Maybe I am missing something obvious, but I am not seeing this in either the Web Vault or the Mac Desktop app.
Seems like it could be a useful check.
The browser plugin has a button next to each password to check if it’s known to be compromised.
It’s also in the Win and MacOS desktop apps and the web vault.
Only place I don’t see it is IOS app.
Recently, Mozilla also started its new free service Firefox Monitor allowing users to check if their email or other details are being breached by third parties. this service seems really helpful and also offers to generate notifications to selected users who enroll with the service by signing it up. for more details, check the news here.
Firefox Monitor Data Breach Service Launched
Will this feature be implemented?
If I check my email address in the Data Breach Report the I get 8 results.
But how is this information helpful for users?
All of them have a Breach Occurred date like this:
I have to open every entry (8 entries) manually in Bitwarden and check if I have changed the password after the breach date.
And if I run this report again, I still get the 8 results.
What If I get 9 results?
Then I have to check each entry manually again?
Or write down what entries are OK (also manual action required).
Make it more user friendly
I KeePass I use the “Have I Been Pwned” plugin.
This plugin compares the modification date of the password of each entry and compares this password change date with the information provided by “Have I Been Pwned”.
In KeePass I get zero results (because I changed the passwords after the breach dates).
If I deactivate the checkbox “Only check entries that have not changed since the brach” then I get 10 results.
The reason for this is that I have checked “By Site/Service” and here all entries are listed (also with other email addresses, like my work email or my old email address).
Bitwarden does not report any matches for these alternate email addresses (because Bitwarden checks by “Username/Email Address”.
Here you see the results of the breach check “By Site/Service” in KeePass:
You see that there are multiple values in the field “Username” (at some services I have the email address, at some I have just a shot username).
And you see the columns “Password Changed” and “Breach Date”
@kspearrin Please tell me if I should send you additional data/information.
Chrome password manager has a feature that alerts you every time you login using a potentially compromised password/account.

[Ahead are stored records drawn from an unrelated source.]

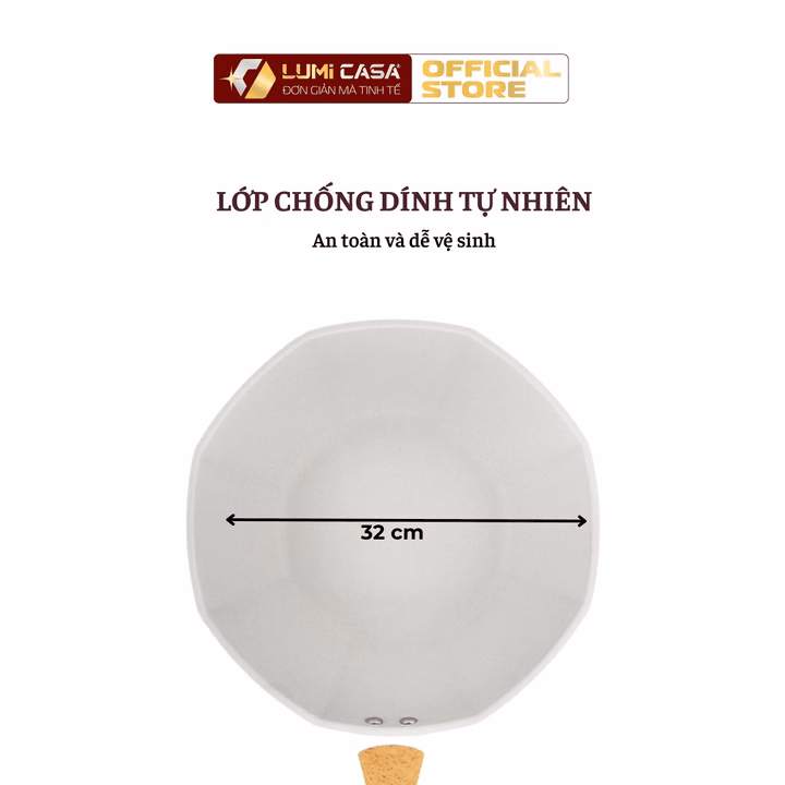 Chảo Chống dính thép Carbon có nắp Lumi Casa 32cm Công Nghệ Đức – Siêu bền, bắt nhiệt nhanh
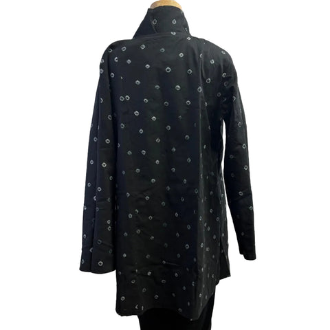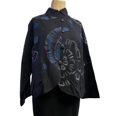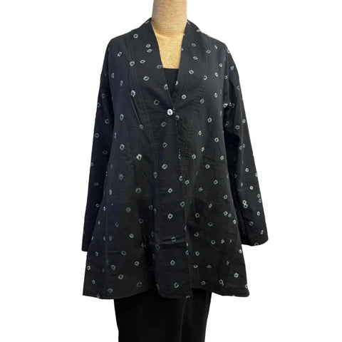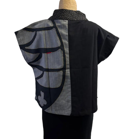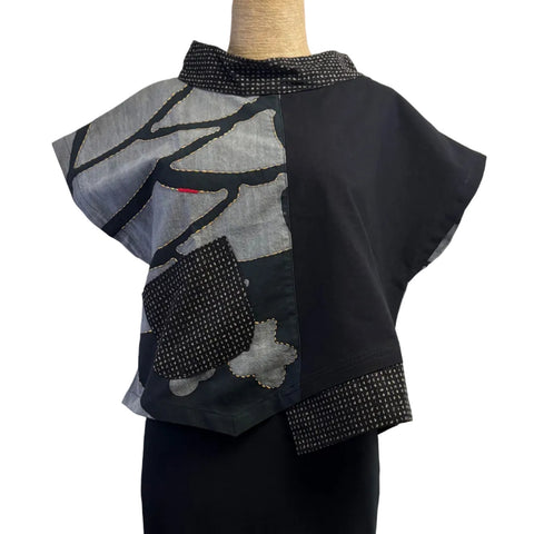 This colorful abstract patterned top in combinations of salmon, mustard, grey, and green is digitally printed from Andrea’s original abstract paintings onto the fabric to create a dynamic combination of...
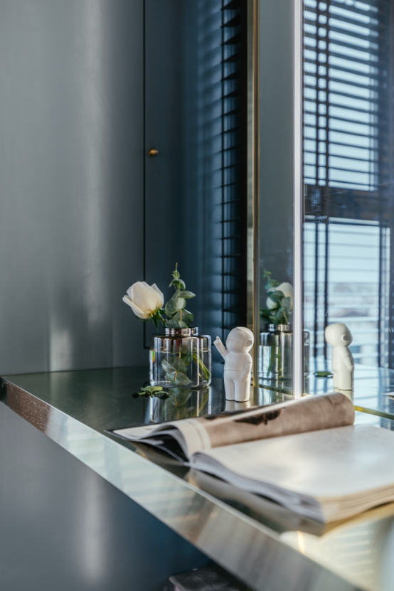 自由從來不是某種形式的產物。客廳與臥室共享,用鐵藝黑框玻璃門輕巧地將這兩個空間分開,百褶窗簾稍加遮擋,藉由開闔變化引發空間邊界模糊效應,探索無限延展的可能性。

While Bitwarden has a feature like this its buried in the menu and not as effective. Some sort of notification would be better at alerting people that there password might be compromised from a known breach & they should change their password.
Please consider adding a notification to the browser extensions that alerts/notifies users with a popup/etc to change their password when they login using that password.
Now (2 1/2 years later) I come back to this suggestion.
Here I have a question.
I receive newsletters from HIBP (Have I Been PWND) when there is a new breach.
I receive them via Microsoft PowerApps and Flow (not from HIBP directly).
These newsletters inform me when a specific service gets hacked (data breach).
Here an example:
Most of these websites I don’t have, but I decided to receive the newsletters to get informed about a breach for any service that I am using.
In my first posting I suggested that Bitwarden checks for breached services too.
So when for example StarTribune has a data breach, then I get informed by the KeePass plugin because I have the URL in my entries.
This plugin warns me no matter what email address I am using.
Meantime much happened in Bitwarden and many new features were implemented.
I am not a security expert, but IMHO I think that this report (Check by Breached Accounts) would be still very useful.
Or am I completely wrong?
The benefit of this solution is that this report also considers the password change date.
When a breach happened 2 years ago and I already changed the password, then everything is OK.
When a breach happened 2 years ago and I did not yet change the password, then I am in real trouble.